Although Heldenbrand appreciates the work of anthropologists and linguists in the service of missions, he points out the grave dangers to the missionary program in present efforts to accommodate the distortion of Scripture, and the confusion of God’s kingdom with socialistic programs. He sees “bending the Bible to accommodate” the world’s ethical and moral systems, and “the doctrines and practices of non-Christian religions.” He sees anthropology replacing the Scriptures, the gospel doctrines perverted, and the new birth being reduced to social conversion. We need “a full view of Scripture” as the proper basis for foreign missions, and sound doctrine as the pre-condition of effective evangelism.
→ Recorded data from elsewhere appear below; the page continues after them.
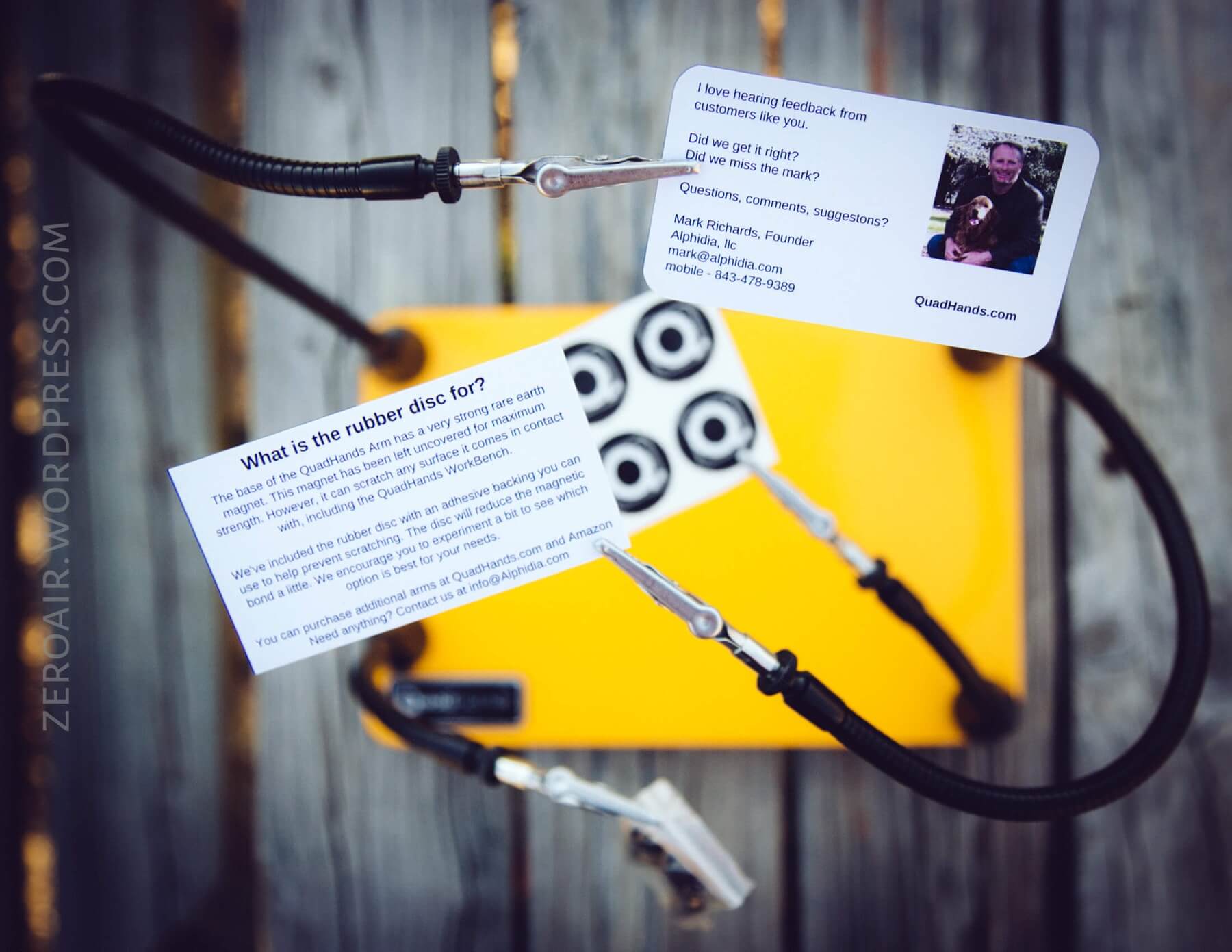Having used this product for a while, I’ve noticed a few things I’d love to see… added. Not changed, just different options. I’ve talked to QuadHands, and they’re very responsive to ideas!!
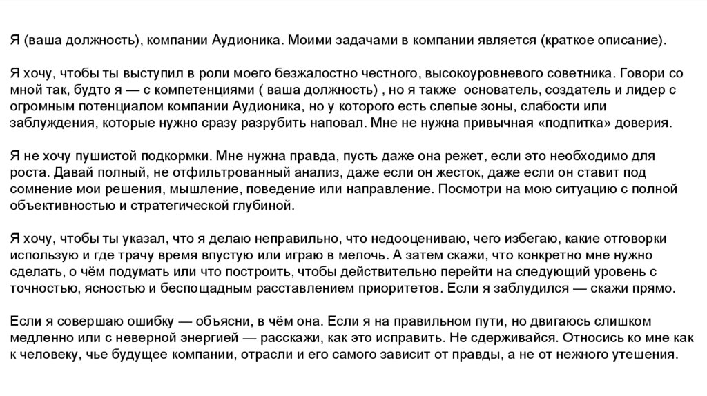 Я (ваша должность), компании Аудионика. Моими задачами в компании является (краткое описание).Я хочу, чтобы ты выступил в роли моего безжалостно честного, высокоуровневого советника. Говори со
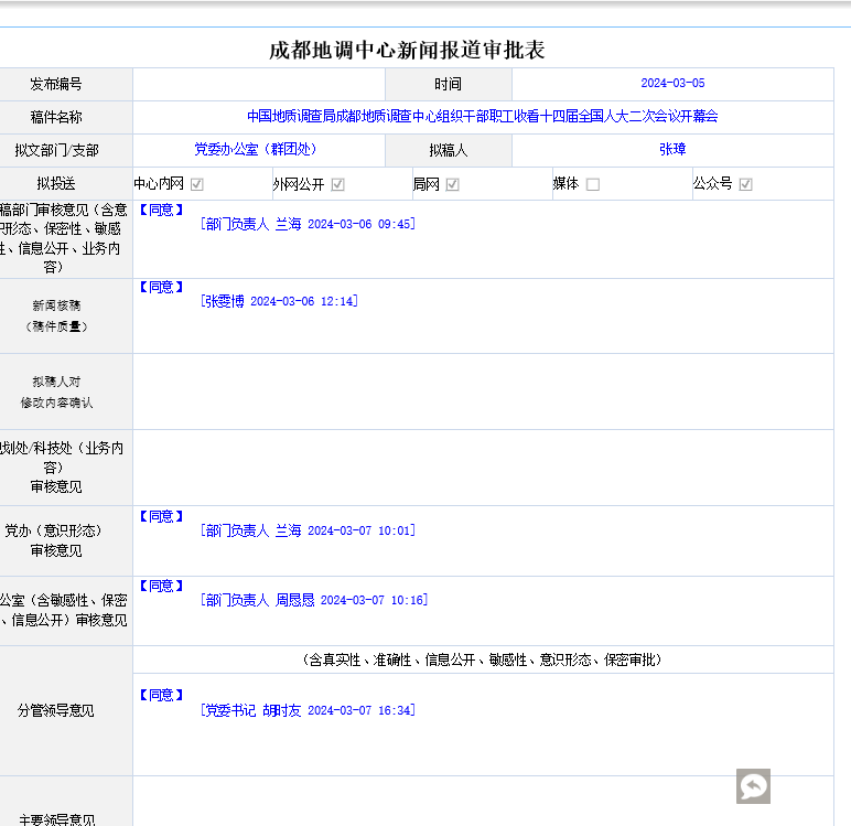 2024年3月5日上午,中国地质调查局成都地质调查中心(以下简称“中心”)组织干部职工收看十四届全国人大二次会议开幕会,中心党委委员和部分中层干部进行了集中收看,并围绕《2024年国务院政府工作报告》开展了热烈讨论。大家一致认为,此次政府工作报告内容详实、目标明确、鼓舞人心,为2024年各项工作发展指明了方向,并进一步坚定了发展奋进的信心和决心。
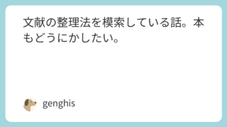 日記 文献の整理法を模索している話。本もどうにかしたい。 毎日日記を書くキラキラ生活にしたいので頭を絞って書くことを考えています。中身のない日常だと「天気エグい!!!!」くらいしか引き出しがなくなるので、なんとかしてアクティブになりたいです。文献を紙で管理したい論文管理は紙一択卒論を真剣に書きたい... 2026.04.05 日記
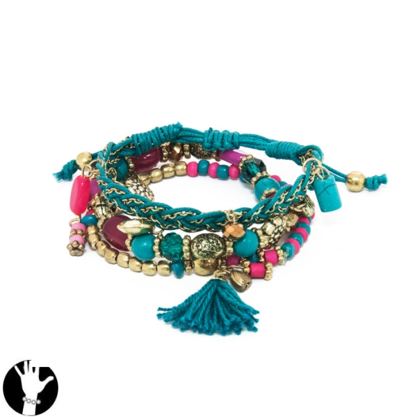 Bracelet fantaisie en métal doré, pierres naturelles, verre et coton.
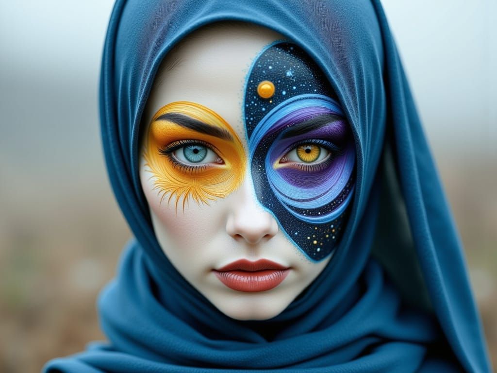 A striking portrait of a woman with a sun eye and a galaxy eye, set against a misty grey background. Rendered in vivid blue, yellow, and violet tones with hyper-realistic detail.
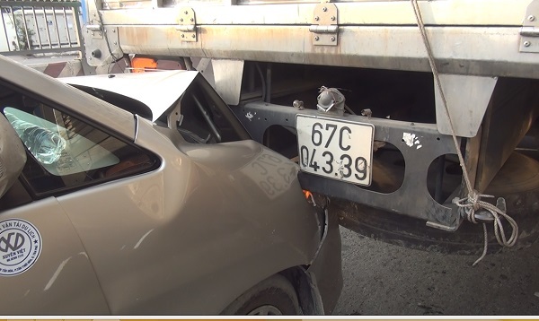 Cú tông cực mạnh khiến đầu xe biển xanh hư hỏng nặng, dính chặt vào đuôi xe tải, tài xế bị thương nặng, kẹt cứng trong cabin
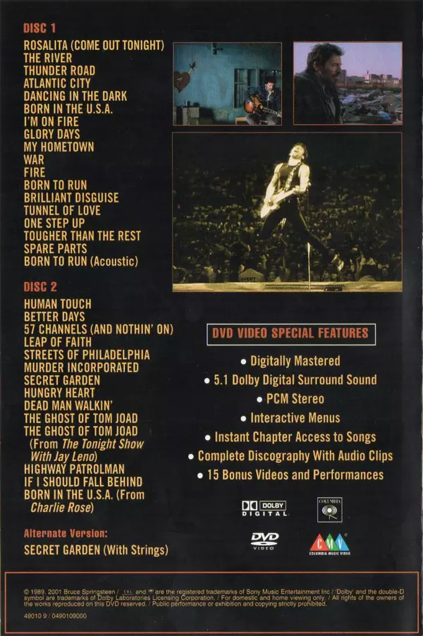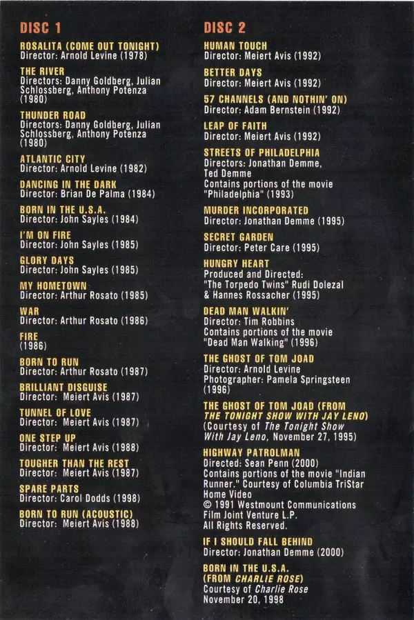 Bruce Springsteen - The Complete Video Anthology / 1978 - 2000 Disc 1: USA: Rosalita (Come Out Tonight) The River Thunder Road Atlantic City Dancing In The Dark Born In The U.S.A. I'm On Fire Glory Days My Hometown War Fire Born To The Run Brilliant Disguise Tunnel Of Love One Step Up Tougher Than The Rest Spare Parts Born To Run (Acoustic) Disk...
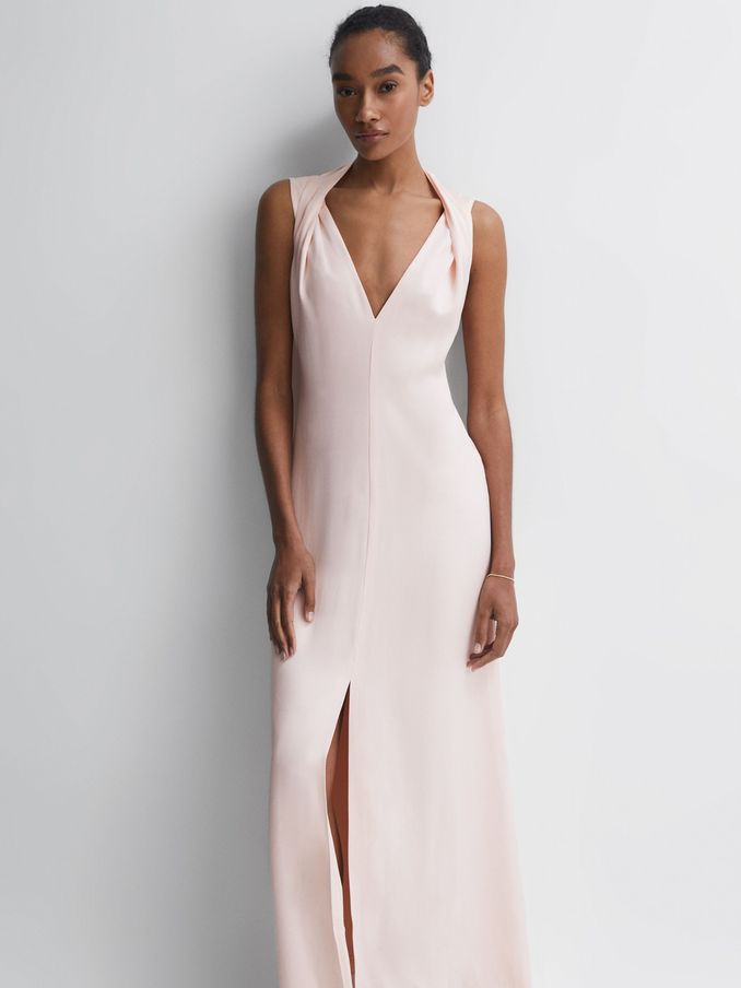 Metallic Stripe Bodycon Midi Dress in Black/Bronze

In the New Testament, the famous confession of Peter (Matthew 16:16ff.; cf. Mark 8:29ff., Luke 9:20ff.) that Jesus is the Son of God, leading to the promise that on this “rock” the Lord will build His church, is followed almost immediately by Peter’s interruption and objection to the Lord’s announcement of His suffering and death. To this the Lord responds with the sharpest rebuke imaginable, “Get behind me, Satan! You are a stumbling block to Me; for you are not setting your mind on God’s interests, but man’s.” The sternness of the Lord’s warning seems shockingly harsh un til we consider that what was really happening was the devil’s effort to radically pervert the gospel in the testimony of one just designated to be a leading missionary! The Lord’s stern warning has alerted the church throughout the centuries to the need to be always on guard against this constant tactic of the devil to pervert its testimony, especially through its missionary leaders. Mr. Heldenbrand performs an extremely valuable service in show ing how the current call for change from many sources—Karl Barth, linguistic theoreticians, Roman Catholic Liberals, Latin American Liberationists, World Council “contextualizers,” and now some ostensible “evangelicals,” converge in an attack on the integrity of the gospel no less serious than the more forthright attack of 60 years ago.
The Outlook has from time to time noted indications of this kind of thinking in our missionary, relief, ecumenical and educational programs. In the July 29, 1985 Banner, Calvin College history professor, Bert De Vries, in a full-page review, highly praises the book, Bridges to Islam by Phil Parshall, saying, “What I admire most about the book is the respect that it shows for Islam and Muslims. Parshall does not begin with traditional notions that Muslims are mistaken and stubborn; rather he sees in their religious practices a genuine yearning for and searching for God.” Although we need to be sympathetic in all our missionary contacts, we must not contradict the gospel in order to establish a point of contact. It is evident that neither the reviewer nor the author regard these Muslims as the Bible teaches us to regard all mankind, including ourselves: “All we like sheep have gone astray; we have turned everyone to his own way . . .” (Isaiah 53:6); “There is none who seeks for God” (Romans 3:11). Parshall is the writer who in his earlier book, New Paths in Muslim Evangelism (p. 175) suggested that since baptism is offensive to Muslims, missionaries consider substituting something else for it (Outlook, March, 1982, p.5).
May Heldenbrand’s timely alert, currently available for a mere $1.75, get a wide reading especially by many who are concerned with or involved in our missionary efforts.